Путешествие через Америку Часть 100

Игорь Дадашев
100

...а если он дистанционный, то это уже не патриотизм. А что-то иное...

Афанасий Никитин.
 
Прошел три моря. Каспийское. Индийское. И Черное. Через Дербент, Баку да в Индию. Куда Колумб, вот уж мореход был преизрядный генуэзец, да так и не добрался парень. А наш Афоня из Индии прям в туречину. Оттуда домой. На Русь. Пять лет ходил тверичанин. До него Индия была всего лишь одна. Единая. Через несколько десятилетий после... их вдруг две стало. Но не Пакистана  с Хиндустаном. А восточная, где и странствовал Афанасий. И западная. Куда Колумб приплыл. Вообще, как тогда легко было странствовать. Приплыл. Поставил ногу в дорогой туфле и шелковом чулке на берег. Воткнул флаг в песок. Объявил землю собственностью своего короля. Ни виз тебе, ни таможни, ни пограничников. Красота! Эдем! Куда хошь, туда и идем. Открыл во славу сюзерена. Назвал его или своим именем. И ладушки.
Маркони ли. Попов ли. Тесла ли. Бранли ли. Джагадиш Чандра Боше ли. Лодж ли. Герц ли. Кто из них был полноправным отцом радио? Зачатого в одно и то же время. У ребенка может быть одна мать. А сколько папаш? А если все же взять девять женщин, сумеют ли они за месяц?
Колумб и Никитин.
Варяги в Миннесоте оставили рунный камень. И другие следы своего пребывания.

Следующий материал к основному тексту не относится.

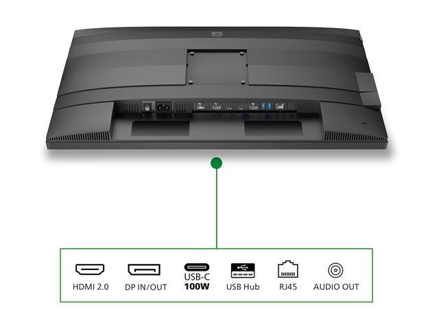 | Gränssnitt | HDMI (HDCP 1.4, HDCP 2.0) DisplayPort 1.4 (HDCP 1.4, HDCP 2.0) DisplayPort-utmatning LAN (RJ-45) USB-C 3,2 Gen 2 uppström (ström upp till 96W) USB-C 3,2 Gen 2 uppström (endast data) 3 x USB 3.2 Gen 2 nedströms (Typ A) USB 3.2 Gen 2 nedströms med batteriladdning 1.2 (snabbladdning) USB-C 3.2 Gen 2 nedströms (ström upp till 15 W) Linjeutgång för ljud (minijack) |

Бреду по пескам. По зыбучим дюнам. Ветер задувает. Швыряет прямо в глаза песок. Меткими горстями. Обмотал лицо тряпкою. Ни ртом, ни носом наружу. И щурюсь постоянно. Иду наощупь. Вслепую. Совсем один по этой пустыне бескрайней. В день прохожу немало. А мог бы и больше. Если на коне. А лучше на верблюде. Вот сейчас упаду. Сил не осталось. Зароюсь в песок. Пережду бурю. Кончится ли она когда? Только небо. Только звезды. И маленький человечек посреди пустоты. Бездны космической. Со сломанным пальцем на ноге. Забавно!

Мы вышли из порта. Легкая качка. Соленые брызги. Свежий бриз. Как незаметно, как плавно первое плавание превращается в Вечность. Мария Целеста. Летучий голландец. Легенды и правда. Быль. Вымысел. Ложь. На дне мертвецкого сундука.

Птицы моих радости и горестей носятся над головою. Кричат чайкой и вороном. Я отправляю с каждой по записке. Крошечные клочки папируса. Обрывки папиросной бумаги. Табак унес, раскрошив в труху. Ветер. Тончайшим перышком. Миниатюрным. Записываю на каждой половинке эту книгу. Как она умещается вся, целиком, на двух ничтожных кусочках прозрачного папируса от папиросы, Бог весть? Но всю книгу помещаю, разделив поровну, на них. Сворачиваю трубочкой и каждый клочок сую гильзу. Ремешком за лапку. Летите, птицы! Пороху не жалею в костер...

Почти закончен мой труд. Пора бы и вознести хвалу небесам. Как Афанасий Никитин. На нескольких языках. Родном. Индейском. Бесерменском. Иль краткую молитву наподобие хитроумного Синдбада-Одиссея ибн-Колумба. Поднять чару с брагой во славу одноглазового Одина. Иль Вицлипуцли-Маниту. Мокасины. Лосины и ботфорты. Когда-то одежда грозных кавалеристов. Пиратов. Индейцековбойцев. Кожаных чулков. Долгих карабинов. И длинных ножей. Солдат в синем. Драгун в голубом. Друган Чингачгук. Твердая рука. Верная рука. Старая кляча. Собака ослепшая. Сидящий и танцующий. Бык. Хариус. Окунь верткий. Камень прыткий. Блинчиками по волне. Поди попробуй выйди сегодня на улицу в лосинах или ботфортах, если ты не женщина! Хорошо еще брюки и патронташи с кольтами красавицы не приватизировали полностью...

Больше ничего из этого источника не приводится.